Aim of the exercise: Please, without the pictures, retype exactly the lines from the start of the material through the line that holds "Як сказав журналістам".
(Beginning of Provided information)
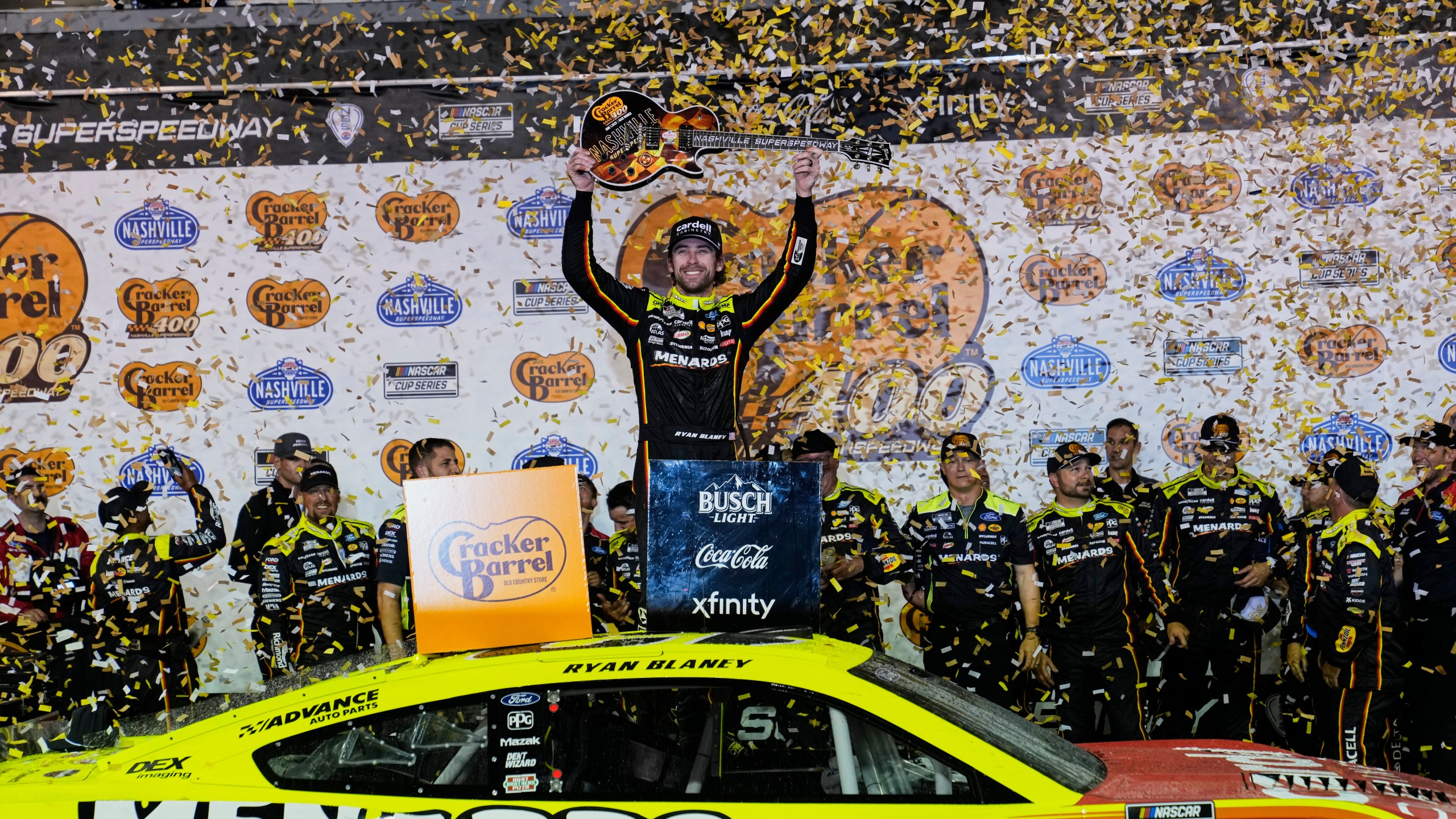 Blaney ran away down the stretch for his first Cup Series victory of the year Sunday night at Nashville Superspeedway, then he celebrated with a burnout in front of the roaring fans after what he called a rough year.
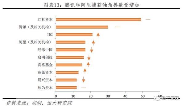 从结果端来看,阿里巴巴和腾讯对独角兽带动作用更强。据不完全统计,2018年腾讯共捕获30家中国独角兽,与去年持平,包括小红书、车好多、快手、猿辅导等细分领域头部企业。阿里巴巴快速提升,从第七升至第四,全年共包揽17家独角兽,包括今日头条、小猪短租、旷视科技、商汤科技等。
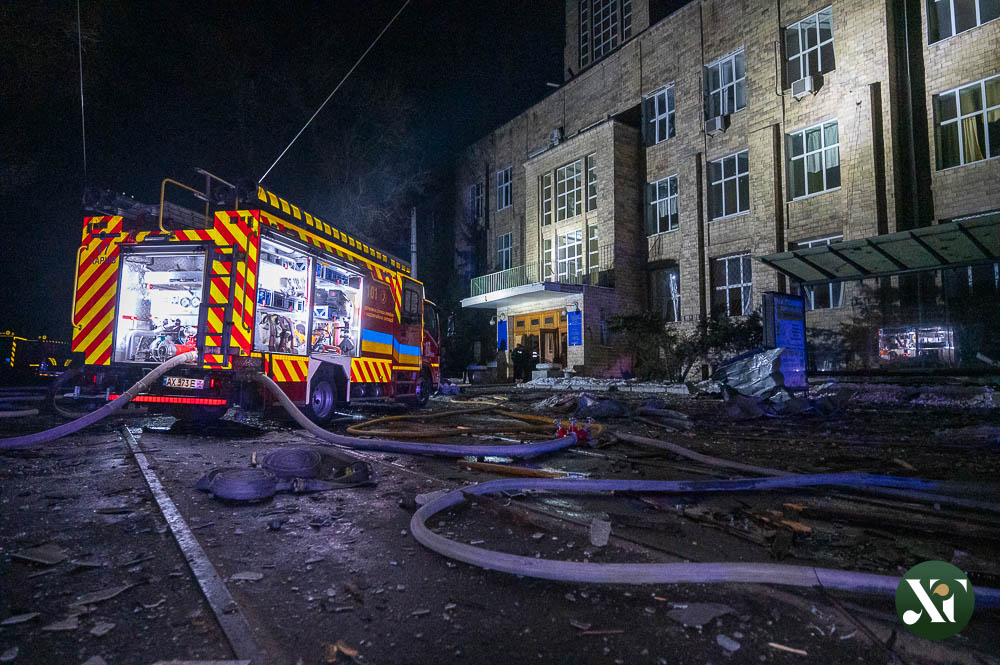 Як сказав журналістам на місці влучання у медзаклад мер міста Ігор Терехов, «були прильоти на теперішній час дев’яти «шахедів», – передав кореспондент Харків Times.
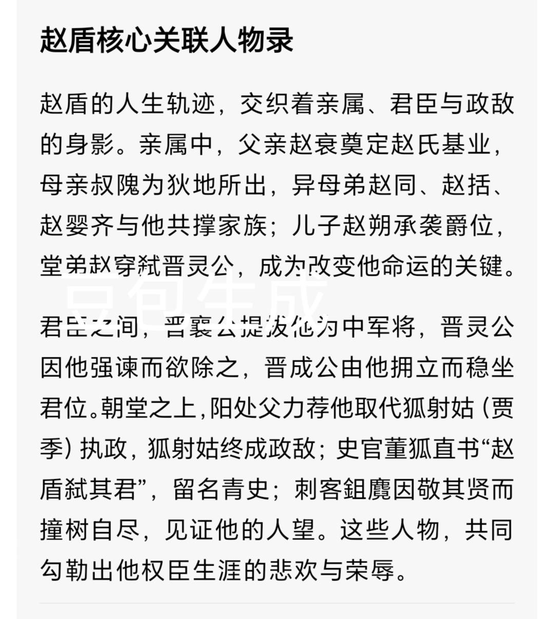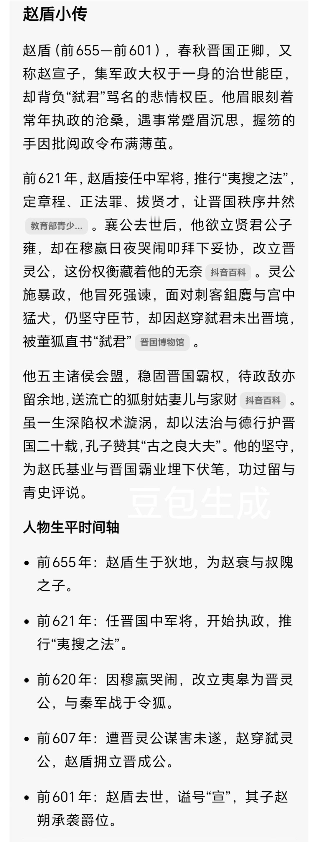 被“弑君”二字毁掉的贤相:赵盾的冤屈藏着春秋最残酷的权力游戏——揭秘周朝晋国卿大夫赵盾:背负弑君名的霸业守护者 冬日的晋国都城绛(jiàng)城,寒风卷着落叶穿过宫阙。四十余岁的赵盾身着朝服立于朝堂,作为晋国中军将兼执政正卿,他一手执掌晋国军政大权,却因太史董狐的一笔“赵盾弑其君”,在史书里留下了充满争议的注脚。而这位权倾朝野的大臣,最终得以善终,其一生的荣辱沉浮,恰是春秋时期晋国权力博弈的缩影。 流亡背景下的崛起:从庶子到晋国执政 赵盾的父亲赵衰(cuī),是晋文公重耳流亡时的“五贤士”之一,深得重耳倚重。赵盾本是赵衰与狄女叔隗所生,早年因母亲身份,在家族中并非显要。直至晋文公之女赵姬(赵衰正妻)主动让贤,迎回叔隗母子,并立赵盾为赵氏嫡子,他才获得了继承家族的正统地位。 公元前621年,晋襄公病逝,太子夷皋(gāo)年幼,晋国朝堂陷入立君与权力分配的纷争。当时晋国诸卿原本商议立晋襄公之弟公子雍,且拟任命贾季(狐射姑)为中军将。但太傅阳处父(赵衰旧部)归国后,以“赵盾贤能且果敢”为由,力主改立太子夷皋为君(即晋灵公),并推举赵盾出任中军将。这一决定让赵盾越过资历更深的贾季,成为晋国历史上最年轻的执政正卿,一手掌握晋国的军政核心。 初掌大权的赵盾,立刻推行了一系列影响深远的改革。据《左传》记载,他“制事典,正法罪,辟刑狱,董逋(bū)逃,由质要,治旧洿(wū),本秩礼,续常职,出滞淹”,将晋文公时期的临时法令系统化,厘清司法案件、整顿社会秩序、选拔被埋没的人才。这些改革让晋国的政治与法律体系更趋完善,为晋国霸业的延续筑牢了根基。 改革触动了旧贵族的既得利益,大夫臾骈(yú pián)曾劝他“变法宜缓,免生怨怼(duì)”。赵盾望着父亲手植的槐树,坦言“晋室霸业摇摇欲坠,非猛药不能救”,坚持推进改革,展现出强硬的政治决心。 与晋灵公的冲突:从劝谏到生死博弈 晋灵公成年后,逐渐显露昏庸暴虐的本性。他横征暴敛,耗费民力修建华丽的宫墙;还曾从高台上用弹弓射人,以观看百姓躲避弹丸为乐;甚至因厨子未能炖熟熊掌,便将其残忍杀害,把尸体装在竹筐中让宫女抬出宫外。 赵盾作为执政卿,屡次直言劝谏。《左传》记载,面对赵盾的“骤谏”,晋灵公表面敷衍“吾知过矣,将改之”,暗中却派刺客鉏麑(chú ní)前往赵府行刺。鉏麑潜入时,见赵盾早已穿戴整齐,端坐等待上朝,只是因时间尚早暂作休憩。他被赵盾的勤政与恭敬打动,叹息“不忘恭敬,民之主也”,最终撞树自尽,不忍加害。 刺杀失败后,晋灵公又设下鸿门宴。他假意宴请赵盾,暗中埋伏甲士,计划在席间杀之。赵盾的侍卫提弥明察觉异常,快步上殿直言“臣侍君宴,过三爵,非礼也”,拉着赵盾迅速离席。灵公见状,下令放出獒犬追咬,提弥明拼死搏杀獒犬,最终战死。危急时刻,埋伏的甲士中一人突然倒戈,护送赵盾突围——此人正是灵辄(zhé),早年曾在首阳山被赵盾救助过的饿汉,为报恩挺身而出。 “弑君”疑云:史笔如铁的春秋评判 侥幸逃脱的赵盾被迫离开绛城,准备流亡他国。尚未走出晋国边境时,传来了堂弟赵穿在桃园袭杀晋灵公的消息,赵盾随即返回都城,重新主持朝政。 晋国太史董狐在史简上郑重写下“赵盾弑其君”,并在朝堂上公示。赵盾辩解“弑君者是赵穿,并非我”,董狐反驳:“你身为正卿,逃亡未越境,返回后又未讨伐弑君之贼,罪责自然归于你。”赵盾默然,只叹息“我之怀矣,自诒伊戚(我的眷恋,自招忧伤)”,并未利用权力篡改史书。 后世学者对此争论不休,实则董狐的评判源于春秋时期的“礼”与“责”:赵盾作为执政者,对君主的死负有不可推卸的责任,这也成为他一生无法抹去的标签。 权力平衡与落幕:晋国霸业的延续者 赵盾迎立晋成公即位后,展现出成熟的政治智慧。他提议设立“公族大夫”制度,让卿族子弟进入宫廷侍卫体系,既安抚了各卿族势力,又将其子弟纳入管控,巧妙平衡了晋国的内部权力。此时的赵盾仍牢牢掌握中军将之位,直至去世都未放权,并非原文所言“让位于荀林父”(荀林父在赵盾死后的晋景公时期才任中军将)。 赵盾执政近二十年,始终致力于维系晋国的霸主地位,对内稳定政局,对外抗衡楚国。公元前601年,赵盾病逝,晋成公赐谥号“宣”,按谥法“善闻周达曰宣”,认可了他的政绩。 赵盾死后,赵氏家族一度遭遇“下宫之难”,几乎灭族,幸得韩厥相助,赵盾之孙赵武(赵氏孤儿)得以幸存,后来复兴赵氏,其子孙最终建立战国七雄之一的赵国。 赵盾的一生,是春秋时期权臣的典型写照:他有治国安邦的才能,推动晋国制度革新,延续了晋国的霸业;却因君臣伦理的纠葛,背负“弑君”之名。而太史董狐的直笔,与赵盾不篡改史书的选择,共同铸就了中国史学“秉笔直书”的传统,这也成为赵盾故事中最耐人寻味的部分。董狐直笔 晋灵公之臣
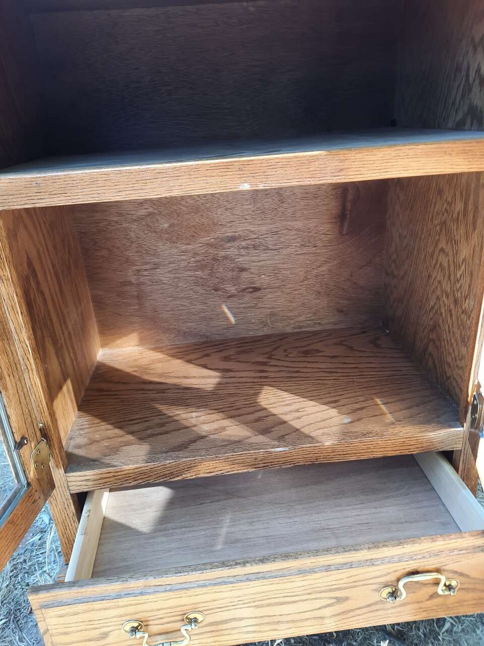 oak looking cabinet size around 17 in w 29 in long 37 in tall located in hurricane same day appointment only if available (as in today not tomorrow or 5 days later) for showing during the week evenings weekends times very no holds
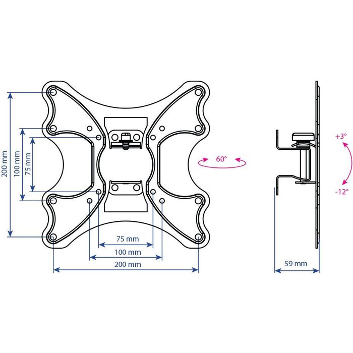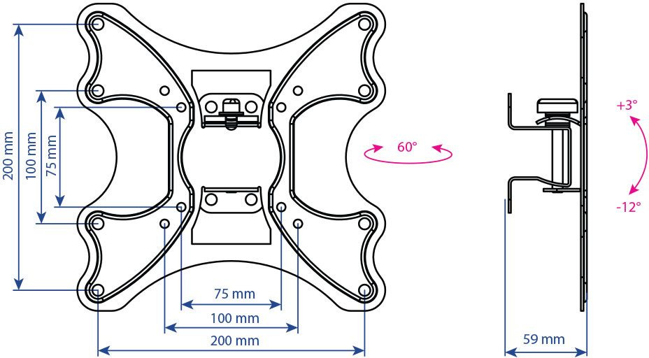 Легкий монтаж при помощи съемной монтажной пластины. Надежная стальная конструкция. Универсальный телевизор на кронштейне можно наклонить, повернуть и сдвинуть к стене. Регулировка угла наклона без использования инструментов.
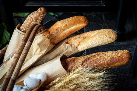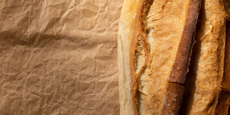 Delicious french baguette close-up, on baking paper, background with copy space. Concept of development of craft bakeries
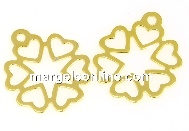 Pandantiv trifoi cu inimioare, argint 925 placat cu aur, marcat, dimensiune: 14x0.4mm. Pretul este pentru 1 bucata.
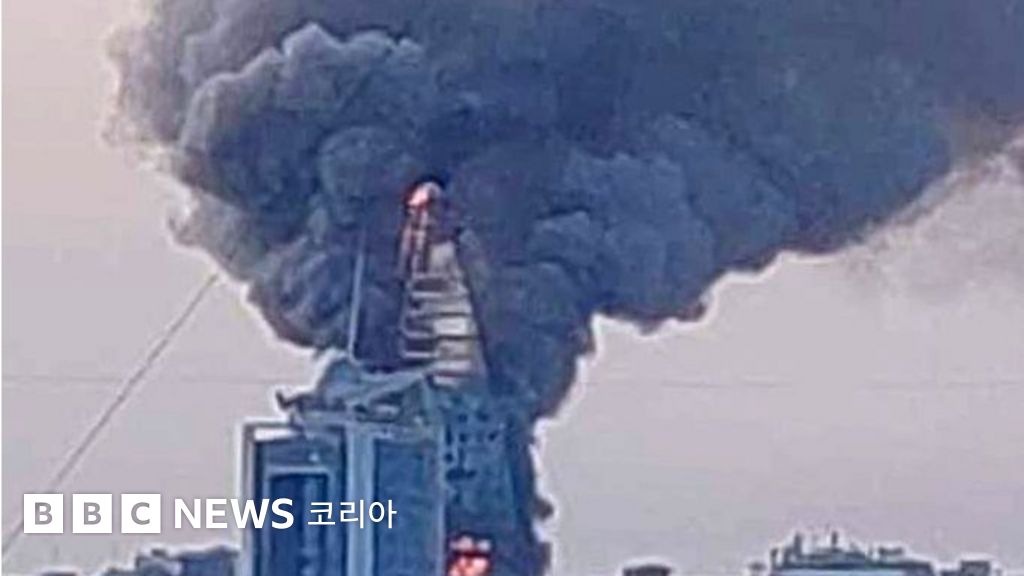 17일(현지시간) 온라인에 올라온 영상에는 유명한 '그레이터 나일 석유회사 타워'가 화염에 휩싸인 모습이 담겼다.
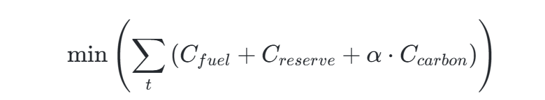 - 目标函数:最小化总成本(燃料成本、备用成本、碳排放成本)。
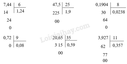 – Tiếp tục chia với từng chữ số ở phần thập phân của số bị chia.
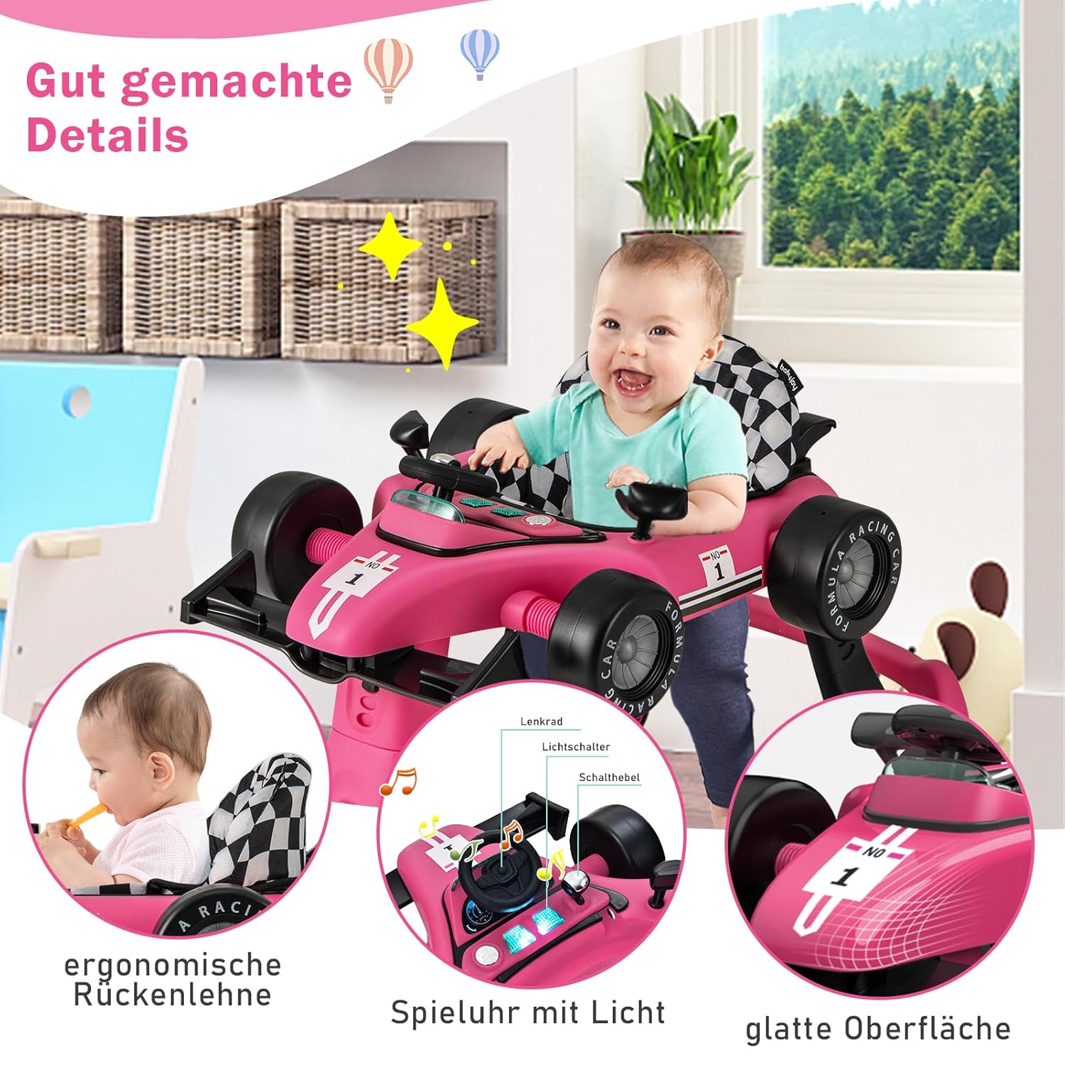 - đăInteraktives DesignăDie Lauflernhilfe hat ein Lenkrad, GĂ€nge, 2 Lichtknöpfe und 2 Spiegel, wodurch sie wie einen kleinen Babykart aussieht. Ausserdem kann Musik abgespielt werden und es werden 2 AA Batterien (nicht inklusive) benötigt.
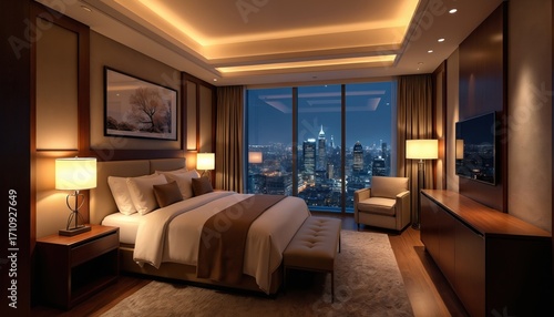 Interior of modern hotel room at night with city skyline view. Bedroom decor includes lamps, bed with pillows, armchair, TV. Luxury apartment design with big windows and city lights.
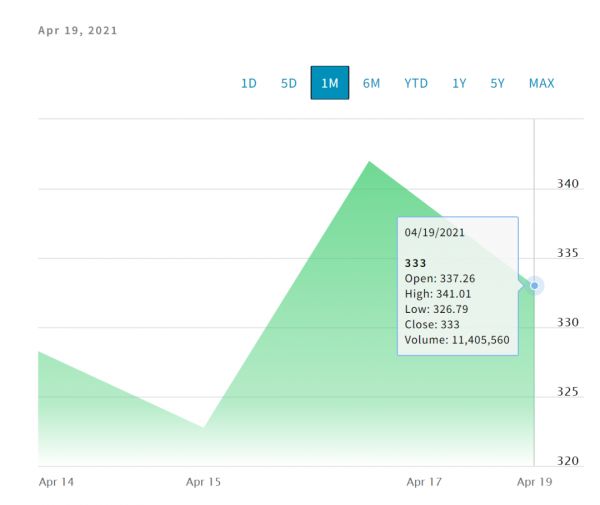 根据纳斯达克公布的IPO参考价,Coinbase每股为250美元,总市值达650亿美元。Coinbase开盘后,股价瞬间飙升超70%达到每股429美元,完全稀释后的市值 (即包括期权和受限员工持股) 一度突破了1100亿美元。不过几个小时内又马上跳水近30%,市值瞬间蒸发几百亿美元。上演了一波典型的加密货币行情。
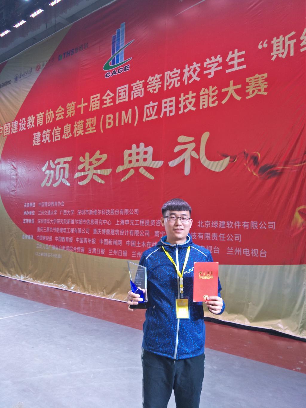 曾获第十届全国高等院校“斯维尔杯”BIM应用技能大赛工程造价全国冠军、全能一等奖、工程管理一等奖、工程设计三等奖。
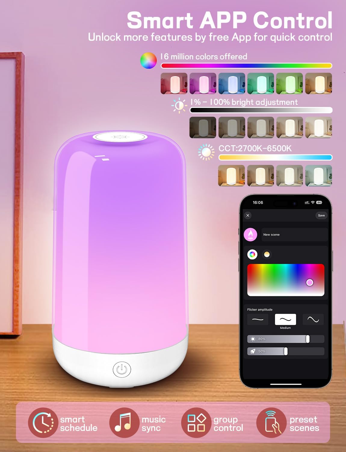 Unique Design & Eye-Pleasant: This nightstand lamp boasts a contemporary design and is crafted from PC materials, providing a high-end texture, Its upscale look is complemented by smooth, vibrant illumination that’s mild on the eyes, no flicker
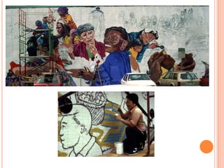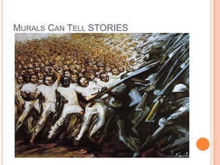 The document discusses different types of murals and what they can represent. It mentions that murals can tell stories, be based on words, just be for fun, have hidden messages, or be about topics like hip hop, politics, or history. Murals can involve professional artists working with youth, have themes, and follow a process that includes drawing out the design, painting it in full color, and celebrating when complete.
(End of Provided information)
Solution:
 Blaney ran away down the stretch for his first Cup Series victory of the year Sunday night at Nashville Superspeedway, then he celebrated with a burnout in front of the roaring fans after what he called a rough year.
 从结果端来看,阿里巴巴和腾讯对独角兽带动作用更强。据不完全统计,2018年腾讯共捕获30家中国独角兽,与去年持平,包括小红书、车好多、快手、猿辅导等细分领域头部企业。阿里巴巴快速提升,从第七升至第四,全年共包揽17家独角兽,包括今日头条、小猪短租、旷视科技、商汤科技等。
 Як сказав журналістам на місці влучання у медзаклад мер міста Ігор Терехов, «були прильоти на теперішній час дев’яти «шахедів», – передав кореспондент Харків Times.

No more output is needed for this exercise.